━━━ Dataset content

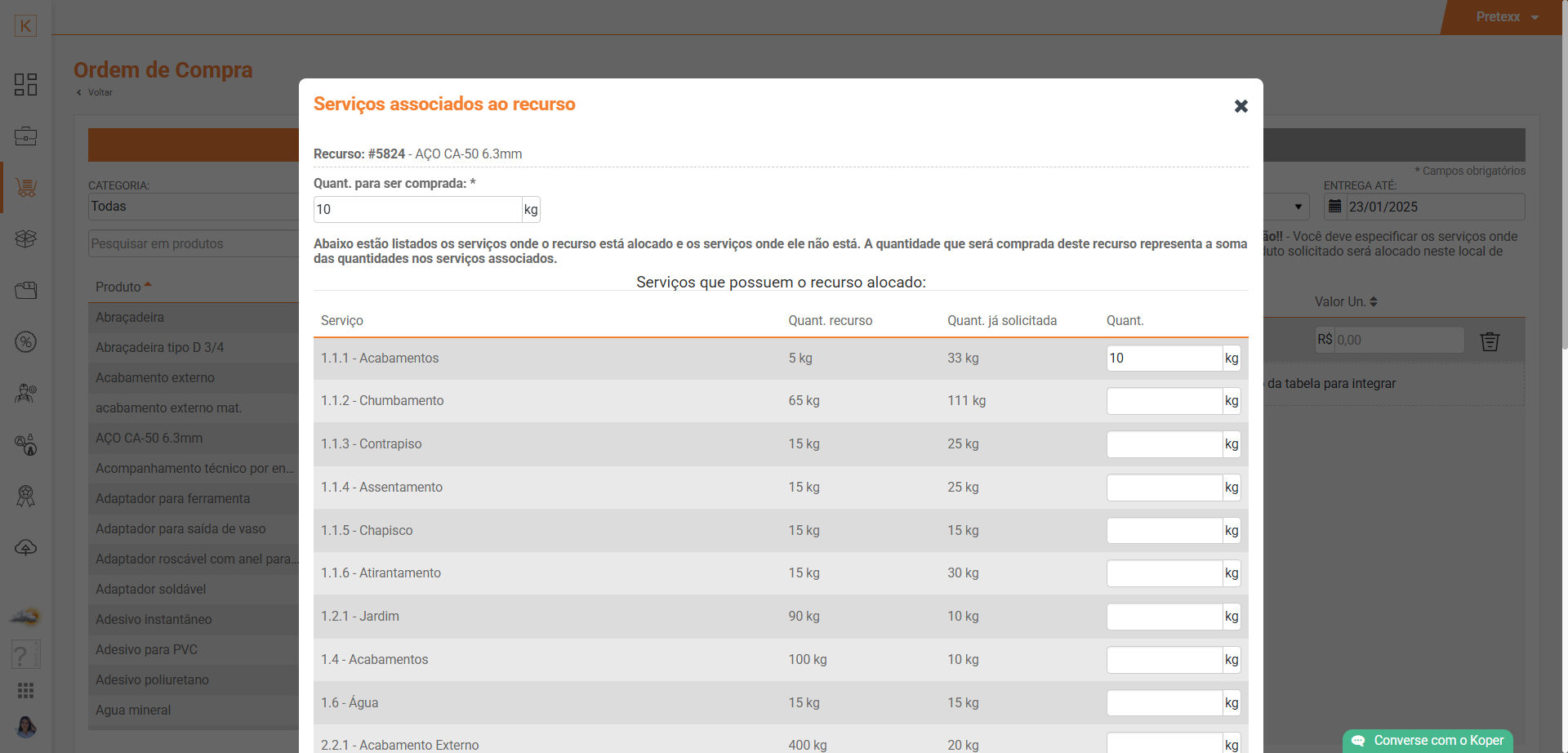 Quando for gerar uma Ordem de compra, e o local de entrega possuir Acompanhamento de obra, será necessário definir para qual serviço este insumo será utilizado.
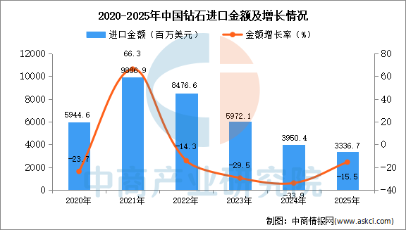 從金額方面來看,數(shù)據(jù)顯示,2025年1-12月中國鉆石進(jìn)口金額3336.7百萬美元,同比下降15.5%。
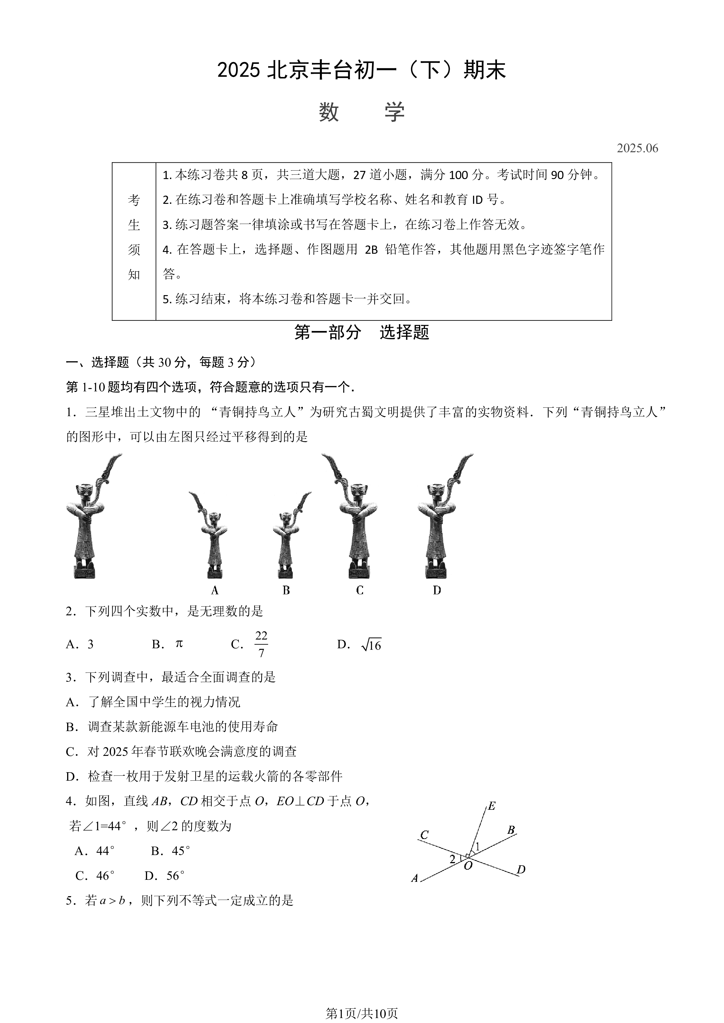 第1页/共10页2025北京丰台初一(下)期末数学2025.06考生须知1.本练习卷共8页,共三道大题,27道小题,满分100分。考试时间90分钟。2.在练习卷和答题卡上准确填写学校名称、姓名和教育ID号。3.练习题答案一律填涂或书写在答题卡上,在练习卷上作答无效。4.在答题卡上,选择题、作图题用2B铅笔作答,其他题用黑色字迹签字笔作答。5.练习结束,将本练习卷和答题卡一并交回。第一部分选择题一、选择题(共30分,每题3分)第1-10题均有四个选项,符合题意的选项只有一个.1.三星堆出土文物中的“青铜持鸟立人”为研究古蜀文明提供了丰富的实物资料.下列“青铜持鸟立人”的图形中,可以由左图只经过平...

━━━━━━

- [Assigned task]: Whenever a line holds a picture, print that line without the picture. All other data must be output exactly.

- [Response]:
 Quando for gerar uma Ordem de compra, e o local de entrega possuir Acompanhamento de obra, será necessário definir para qual serviço este insumo será utilizado.
 從金額方面來看,數(shù)據(jù)顯示,2025年1-12月中國鉆石進(jìn)口金額3336.7百萬美元,同比下降15.5%。
 第1页/共10页2025北京丰台初一(下)期末数学2025.06考生须知1.本练习卷共8页,共三道大题,27道小题,满分100分。考试时间90分钟。2.在练习卷和答题卡上准确填写学校名称、姓名和教育ID号。3.练习题答案一律填涂或书写在答题卡上,在练习卷上作答无效。4.在答题卡上,选择题、作图题用2B铅笔作答,其他题用黑色字迹签字笔作答。5.练习结束,将本练习卷和答题卡一并交回。第一部分选择题一、选择题(共30分,每题3分)第1-10题均有四个选项,符合题意的选项只有一个.1.三星堆出土文物中的“青铜持鸟立人”为研究古蜀文明提供了丰富的实物资料.下列“青铜持鸟立人”的图形中,可以由左图只经过平...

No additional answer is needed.